#### Supplied records
● ● ●
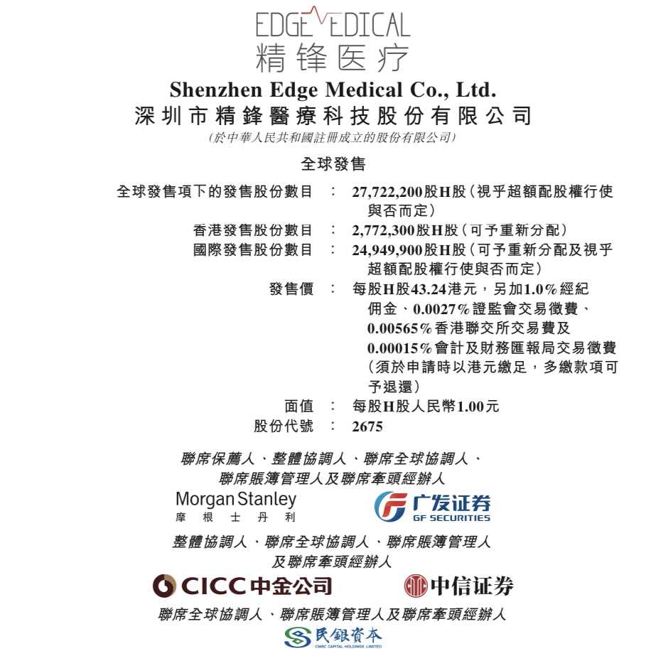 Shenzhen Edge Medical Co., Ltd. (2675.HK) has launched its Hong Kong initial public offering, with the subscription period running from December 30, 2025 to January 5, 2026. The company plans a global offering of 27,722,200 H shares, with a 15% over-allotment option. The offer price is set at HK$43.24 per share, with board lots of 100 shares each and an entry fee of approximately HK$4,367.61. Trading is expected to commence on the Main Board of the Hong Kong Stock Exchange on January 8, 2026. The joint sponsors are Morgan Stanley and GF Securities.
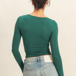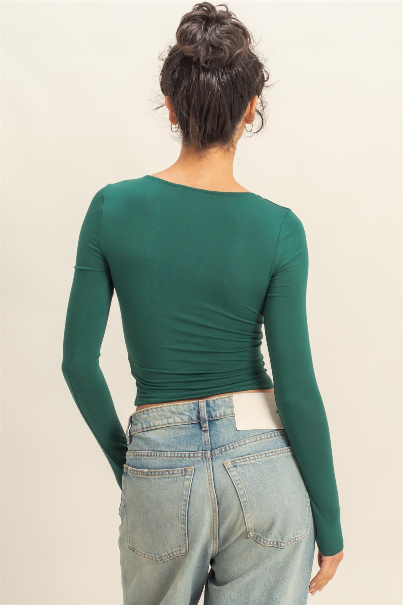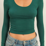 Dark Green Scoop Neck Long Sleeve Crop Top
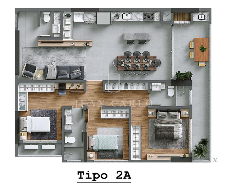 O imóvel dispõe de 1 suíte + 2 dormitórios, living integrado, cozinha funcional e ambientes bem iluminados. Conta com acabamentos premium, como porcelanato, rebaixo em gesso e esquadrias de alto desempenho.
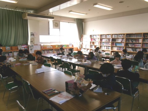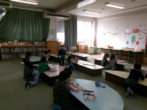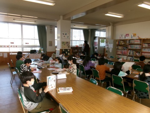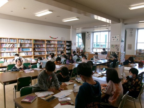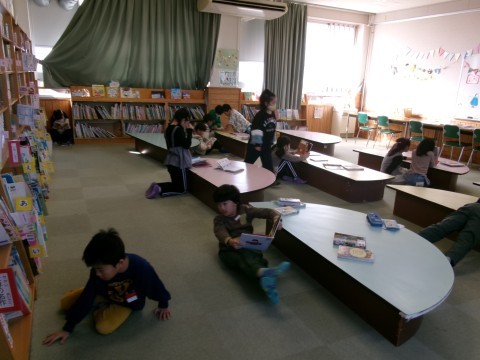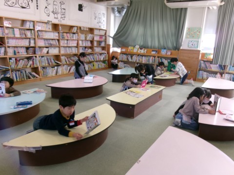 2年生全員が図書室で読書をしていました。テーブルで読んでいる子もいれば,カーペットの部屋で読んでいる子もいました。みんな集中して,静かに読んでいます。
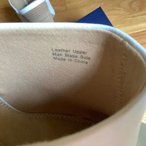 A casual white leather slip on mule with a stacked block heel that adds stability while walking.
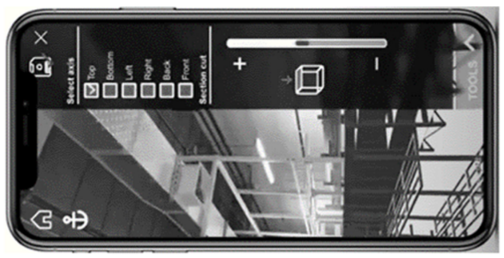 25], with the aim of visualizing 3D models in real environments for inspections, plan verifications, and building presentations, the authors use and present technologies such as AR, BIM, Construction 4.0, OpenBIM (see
● ● ●
#### What is needed
Your task is to retype exactly, and only, the lines from the one that holds "O imóvel dispõe" through the end of the listing, both end lines included, without any pictures.

#### Response area
 O imóvel dispõe de 1 suíte + 2 dormitórios, living integrado, cozinha funcional e ambientes bem iluminados. Conta com acabamentos premium, como porcelanato, rebaixo em gesso e esquadrias de alto desempenho.
 2年生全員が図書室で読書をしていました。テーブルで読んでいる子もいれば,カーペットの部屋で読んでいる子もいました。みんな集中して,静かに読んでいます。
 A casual white leather slip on mule with a stacked block heel that adds stability while walking.
 25], with the aim of visualizing 3D models in real environments for inspections, plan verifications, and building presentations, the authors use and present technologies such as AR, BIM, Construction 4.0, OpenBIM (see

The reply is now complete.